Strategy for Predicting Values of Y
Is the regression equation a good model?
- The regression line in the scatterplot shows that the line fits the points well.
- \(r\) indicates that there is a linear correlation.
- The prediction is not too much beyond the scope of the available sample data.
IF YES: The regression equation is a good model. Substitute the given value of x into the regression equation \(\hat{y}=b + mx\)
IF NO: The regression equation is a NOT good model. Regardless of the value of x, the best predicted value of y is the mean of the y values.
Steps for Regression and Correlation Test:
- Define \(H_0\) and \(H_A\) (the same for every regression test)
\(H_0\): \(\rho=0\) There is no linear correlation in the population.
\(H_A\): \(\rho \neq 0\) There is some linear correlation in the population.
Note: A regression test is always a two-tailed test.
- Run the Regression and Correlation Test
There are two ways to look at Test Statistics and Critical Values, using the T-distribution AND using the Pearson Correlation Coefficient. We will look at both:
- Identify the information you will use to shade your graph:
- The two Critical Values from the T-distribution
- df=n-2, area between tails \(= 1-\alpha\)
- The Critical Values for the correlation coefficient From the Table of Critical Values for Correlation Coefficients on your formula sheet
- Identify the information about your sample:
- Stat - Regression - Simple Linear: x-variable, y-variable, Hypothesis Test
- Correlation Coefficient (r),
- Test Statistic (T-Stat), and
- the P-value for the “SLOPE”
- Draw the Graph:
Shade the Critical Areas of Rejection
Indicate the Test Statistic and Critical Values
- Make Your Decision About the Null Hypothesis:
Reject \(H_0\) p value < α T-stat or correlation coefficient is in the Critical Rejection Region
(The population must have some linear correlation)
Fail to Reject \(H_0\) p value> α T-stat or correlation coefficient is not in the Critical Rejection Region
(The population doesn’t appear to have a linear correlation)
- Make Your Statement:
- If you Reject \(H_0\): There is sufficient evidence to support the claim a linear correlation exists between _______ and _________
- If you Fail to Reject \(H_0\): There is NOT sufficient evidence to support the claim a linear correlation exists between _______ and _________
- Identify your regression equation: \(\hat y=b+mx\)
- Use your hypothesis test conclusions to calculate a value of y, given a value of x.
You must have a linear correlation in order to use the regression equation to predict a y value.

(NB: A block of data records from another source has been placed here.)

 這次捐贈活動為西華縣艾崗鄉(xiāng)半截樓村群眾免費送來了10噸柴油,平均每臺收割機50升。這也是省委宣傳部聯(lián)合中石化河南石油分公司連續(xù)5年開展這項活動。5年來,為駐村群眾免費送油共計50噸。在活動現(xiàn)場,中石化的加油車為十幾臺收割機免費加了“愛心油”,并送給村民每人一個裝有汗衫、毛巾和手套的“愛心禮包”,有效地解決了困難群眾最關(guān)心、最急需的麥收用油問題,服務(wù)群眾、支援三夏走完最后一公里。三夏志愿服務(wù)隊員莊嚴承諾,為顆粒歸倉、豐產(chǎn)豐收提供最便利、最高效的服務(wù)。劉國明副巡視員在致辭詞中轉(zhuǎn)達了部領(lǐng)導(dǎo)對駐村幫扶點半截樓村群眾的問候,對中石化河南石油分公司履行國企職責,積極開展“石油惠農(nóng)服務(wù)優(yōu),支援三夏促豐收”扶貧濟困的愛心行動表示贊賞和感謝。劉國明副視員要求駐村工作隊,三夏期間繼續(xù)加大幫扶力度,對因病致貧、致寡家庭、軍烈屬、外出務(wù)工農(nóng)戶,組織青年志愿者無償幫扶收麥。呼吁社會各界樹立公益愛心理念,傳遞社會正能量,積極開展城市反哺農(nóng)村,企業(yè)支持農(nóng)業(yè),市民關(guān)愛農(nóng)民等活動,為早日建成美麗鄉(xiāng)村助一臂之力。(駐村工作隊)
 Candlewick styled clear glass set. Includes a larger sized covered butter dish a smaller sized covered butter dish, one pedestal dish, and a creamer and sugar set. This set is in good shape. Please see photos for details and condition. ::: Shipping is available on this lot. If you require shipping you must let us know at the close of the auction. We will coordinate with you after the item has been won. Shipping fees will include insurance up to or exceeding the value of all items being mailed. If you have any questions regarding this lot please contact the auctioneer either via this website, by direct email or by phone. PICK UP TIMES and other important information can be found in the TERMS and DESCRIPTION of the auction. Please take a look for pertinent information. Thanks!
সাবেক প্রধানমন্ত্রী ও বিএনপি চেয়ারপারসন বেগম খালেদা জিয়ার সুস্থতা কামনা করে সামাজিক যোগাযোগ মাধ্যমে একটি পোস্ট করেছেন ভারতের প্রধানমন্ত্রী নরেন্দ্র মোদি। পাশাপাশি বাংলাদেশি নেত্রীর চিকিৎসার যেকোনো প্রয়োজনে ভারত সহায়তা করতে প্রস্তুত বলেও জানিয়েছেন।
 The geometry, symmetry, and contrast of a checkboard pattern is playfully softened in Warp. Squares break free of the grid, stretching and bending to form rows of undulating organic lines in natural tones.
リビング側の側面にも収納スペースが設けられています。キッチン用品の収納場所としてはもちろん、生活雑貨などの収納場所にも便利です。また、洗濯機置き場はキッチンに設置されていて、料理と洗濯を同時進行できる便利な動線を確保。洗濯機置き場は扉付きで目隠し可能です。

If you do not have a good correlation, the only option you have for predicting a y value is to find the mean of the y values in your set of points.
If you Rejected \(H_0\), you have a linear correlation and will use your regression equation.
If you Failed To Reject \(H_0\), you do not appear to have a linear correlation so you will not use your regression equation. You will have to find another method to predict your y value.
Given an x, average the y values in your data to predict y. \(\overline{y}=\frac{\Sigma y}{n}\)
The Test Statistic (T-stat) for a regression test is calculated using: \(t=\frac{r}{\sqrt{\frac{1-r^{2}}{n-2}}}\)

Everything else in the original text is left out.